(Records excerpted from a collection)
*** Block opens ***
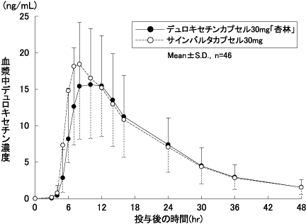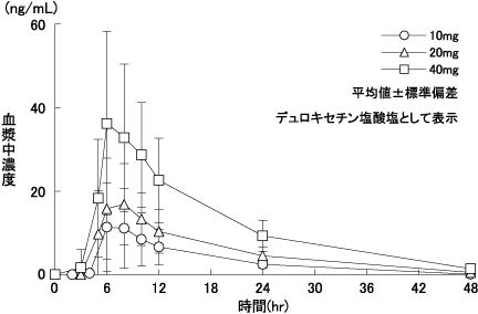 臨床における薬物動態(サインバルタカプセル:2010年1月20日承認、申請資料概要2.7.1.2,2.7.2.2,2.7.2.3)
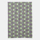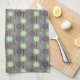 Green kitchen towel with a floral pattern of alliums in dark purple, lavender, and white. Alliums are flowering plants that include the cultivated onion, garlic, scallion, shallot, leeks and more.
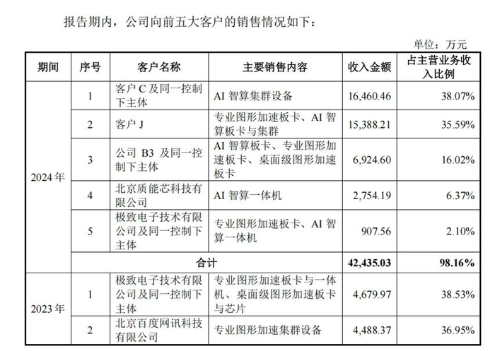 2022-2024年,公司前五大客户营业收入占比分别为89.86%、97.45%、98.16%,其中2024年第一大客户收入占比达38.07%,前两大客户合计占比73.66%。这种过度依赖少数客户的格局,使得公司经营业绩极易受单一客户订单波动影响。
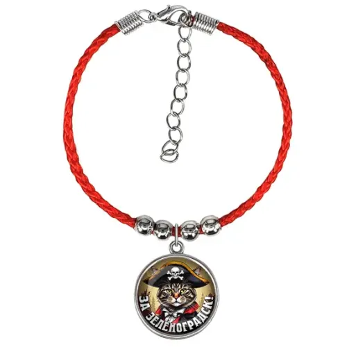Браслет из шнура с декоративным элементом на металлической основе под защитным стеклом.
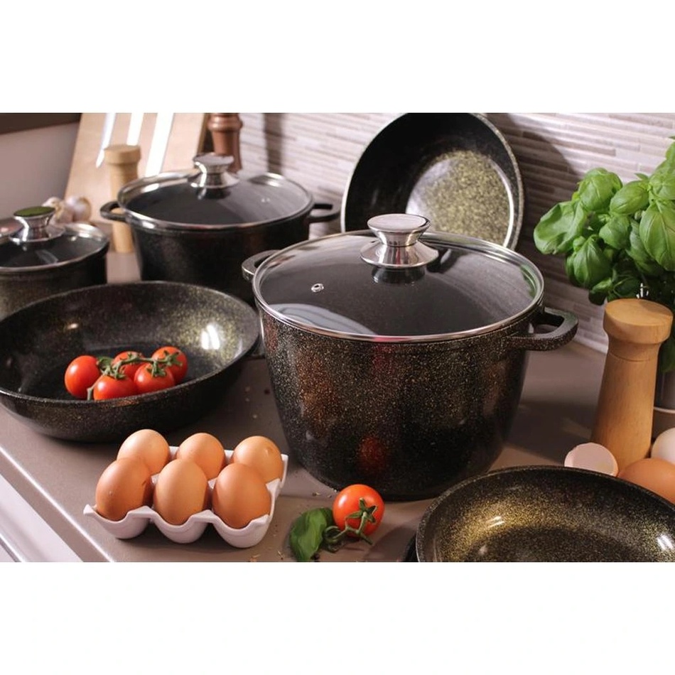 Hrnec s poklicí Kitchisimo s kvalitním nepřilnavým povrchem. K hrnci je praktická skleněná poklice s kovovým okrajem, který zabraňuje rozbití, a otvorem na odvod přebytečné páry. Díky antiadhéznímu povrchu není potřeba velké množství tuku a zároveň se pokrmy nepřipalují. Zesílené dno nádoby rovnoměrně rozvádí teplo. Hrnec je vhodný na indukční, plynový, sklokeramický i elektrický sporák. Během vaření v nádobí s nepřilnavým povrchem je lepší používat šetrné kuchařské náčiní ze dřeva, silikonu nebo melaminu. Předejdete tím zbytečnému poškrábání a prodloužíte životnost. Vzhledem k tomu, že je hrnec vhodný i do myčky na nádobí, jeho údržba je velmi snadná. Pokud myjete nádobí ještě v ruce, nepoužívejte na nádobí s nepřilnavým povrchem drátěnky. Stačí jen omýt houbičkou a saponátem. Rozměry: průměr: 28 cm průměr dna: 21,5 cm průměr indukčního dna: 19 cm šířka: 36 cm výška nádoby: 20 cm výška s poklicí: 25 cm objem 10 l materiál: hliníková slitina, nepřilnavý povrch, sklo, nerez barva: černá s mramorovým designem
*** Block closes ***
Beginning with the line above that has "Green kitchen towel" and going on through the line that has "Браслет из шнура", retype every line exactly and add nothing else; drop the pictures.

 Green kitchen towel with a floral pattern of alliums in dark purple, lavender, and white. Alliums are flowering plants that include the cultivated onion, garlic, scallion, shallot, leeks and more.
 2022-2024年,公司前五大客户营业收入占比分别为89.86%、97.45%、98.16%,其中2024年第一大客户收入占比达38.07%,前两大客户合计占比73.66%。这种过度依赖少数客户的格局,使得公司经营业绩极易受单一客户订单波动影响。
Браслет из шнура с декоративным элементом на металлической основе под защитным стеклом.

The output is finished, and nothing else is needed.